Hal ini dilakukan dengan forum bertajuk " Diskusi Publik Menjaga Identitas Budaya  dalam arus globalisasi : Peran mahasiswa dalam pelestarian nilai tradisi dan modernitas menuju indonesia emas" yang digelar di Kayon Kafe, Kota Semarang, Jumat (27/6/2025). 

Diskusi ini menghadirkan empat narasumber unggulan yang membahas bagaimana mahasiswa dapat berperan aktif menjaga warisan budaya sekaligus beradaptasi dengan perkembangan modernitas. Narasumber tersebut yaitu Dr. Ali Martin, Dekan Fisip Unwahas; pegiat media Panji Bumiputra; tokoh perempuan Imles, Grania Lamaking; dan aktivis mahasiswa, Iksan Salang. 

Turut hadir berbagai perwakilan organisasi daerah yang ada di Semarang, memperkuat sinergi antar mahasiswa dari berbagai latar belakang budaya dan daerah. Kehadiran mereka memperkaya diskusi serta memperluas jaringan kolaborasi dalam pelestarian budaya di era globalisasi.

Acara yang berlangsung penuh semangat ini diawali dengan penampilan seni tari tradisional dari kabupaten Lembata yang memukau para hadirin, sebagai simbol kuat pelestarian budaya di tengah derasnya globalisasi.

Ketua Umum Imles, Tamsil Lukman dalam sambutannya mengatakan kegiatan  diskusi publik ini bukan hanya  untuk sekedar bertukar pikiran, akan tetapi sebagai langka awal untuk  mediskripsikan budaya lembata.

"Ke depan kami akan  terus berbagi pikiran dan membangun kemitraan guna menindaklanjuti diskusi ini mungkin dalam bentuk ivent ataupun expo budaya.” kata Tamsil.

Dr. Ali Martin selaku bembicara pertama kemudian mengulas perkembangan globalisasi tak hanya membawa manfaat. Ia juga menantang eksistensi budaya lokal yang telah lama menjadi identitas bangsa. Maka, pentingnya oragnaisasi daerah giat menghidupkan kembali budaya daerahnya.

“Dengan demikian, globalisasi dan kebudayaan bukanlah dua kutub yang saling meniadakan, melainkan bisa saling menguatkan,” ucap Ali.

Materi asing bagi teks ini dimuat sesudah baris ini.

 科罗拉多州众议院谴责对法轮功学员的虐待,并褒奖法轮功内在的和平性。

Semetara Panji Bumiputera, manjabarkan media memiliki peran dalam menampilkan dan melestarikan budaya, globalisasi yang serba cepat ini. Ia bukan hanya sebagai penyampai informasi, tetapi juga sebagai jembatan antara masa lalu dan masa kini.

“Melalui media, budaya lokal yang mungkin sebelumnya hanya dikenal di lingkup terbatas kini bisa menjangkau lebih luas. Dengan pendekatan yang menarik dan mudah diakses, budaya sebagai bagian dari kehidupan sehari-hari, bukan sekadar tontonan seremonial,” jelas Panji.

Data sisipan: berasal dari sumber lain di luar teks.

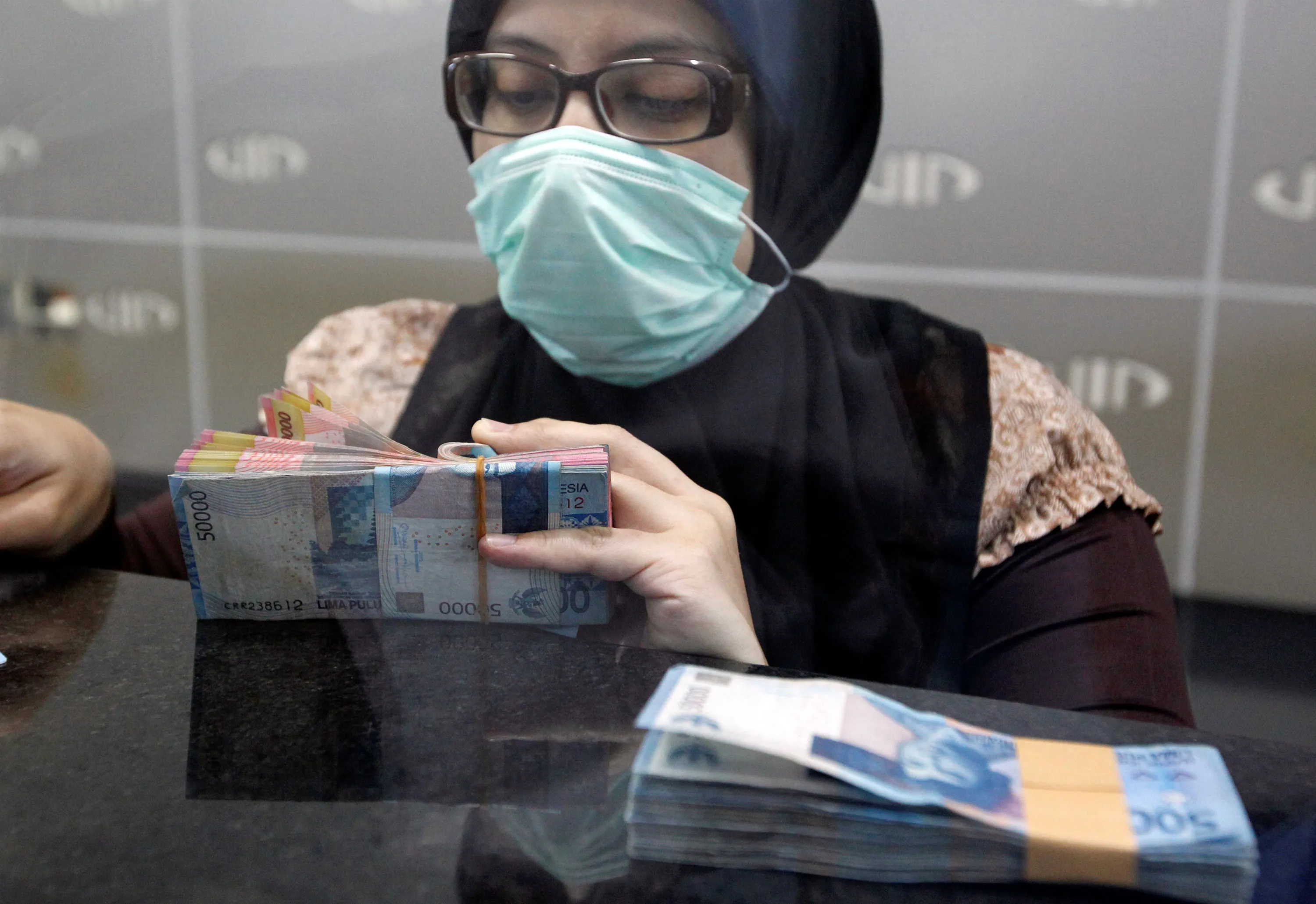 A teller in a money changer prepares Indonesian rupiah notes for a customer in Jakarta, Indonesia September 1, 2016. (Photo by Iqro Rinaldi/Reuters)

Pemateri lain, Grania Lamaking memberikan materinya dengan pendekatan perempuan dalam  menjaga budaya di tengah arus globalisasi misalnya, mejaga adap, etika dan nilai-nilai budaya  sebagai pengguna media sosial.

“Perempuan sebagai pengguna media sosial memiliki kekuatan besar untuk menjaga nilai tradisi bahkan mempromosikan tradisi lokal yang relavan,” imbuhnya.

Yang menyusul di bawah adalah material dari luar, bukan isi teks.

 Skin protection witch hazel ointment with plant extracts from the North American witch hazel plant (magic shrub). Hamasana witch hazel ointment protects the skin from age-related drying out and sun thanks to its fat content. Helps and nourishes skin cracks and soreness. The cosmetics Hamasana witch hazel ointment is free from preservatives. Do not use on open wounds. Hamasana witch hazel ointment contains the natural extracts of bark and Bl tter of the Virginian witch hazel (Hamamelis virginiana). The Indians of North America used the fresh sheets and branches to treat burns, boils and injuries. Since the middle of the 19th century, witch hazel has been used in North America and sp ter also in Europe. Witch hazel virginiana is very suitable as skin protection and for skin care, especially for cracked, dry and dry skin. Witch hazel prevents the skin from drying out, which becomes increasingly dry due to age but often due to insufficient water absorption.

Sedangkan, Iksan salang sebagai pemateri keempat menjelaskan organisasi daerah menjadi garda terdepan dalam menjaga keseimbangan antara kemajuan global dan kebutuhan lokal sebagai penguat identitas, penggerak pembangunan, dan penjaga nilai-nilai lokal. 

Dia lantas menegaskan, menjadi mahasiwa harus memiliki integritas kecerdasan intelktual, kecerdasan emosional dan kecerdasan spiritual untuk menjaga keseimbangan antara budaya dan modernitas.

“Ketiga kecerdasan ini membentuk individu yang tidak hanya cerdas dan produktif, tetapi juga berakar kuat pada budayanya dan terbuka terhadap dunia,” jelas Iksan.

Acara diakhiri dengan penampilan tarian dolo bersama oleh seluruh tamu undangan sekaligus audiens aktif, menciptakan suasana kebersamaan dan merayakan keberagaman budaya secara langsung. 

Penampilan ini menjadi simbol kekuatan budaya sebagai perekat sosial sekaligus refleksi nyata peran mahasiswa dalam menjaga nilai tradisi di tengah modernitas.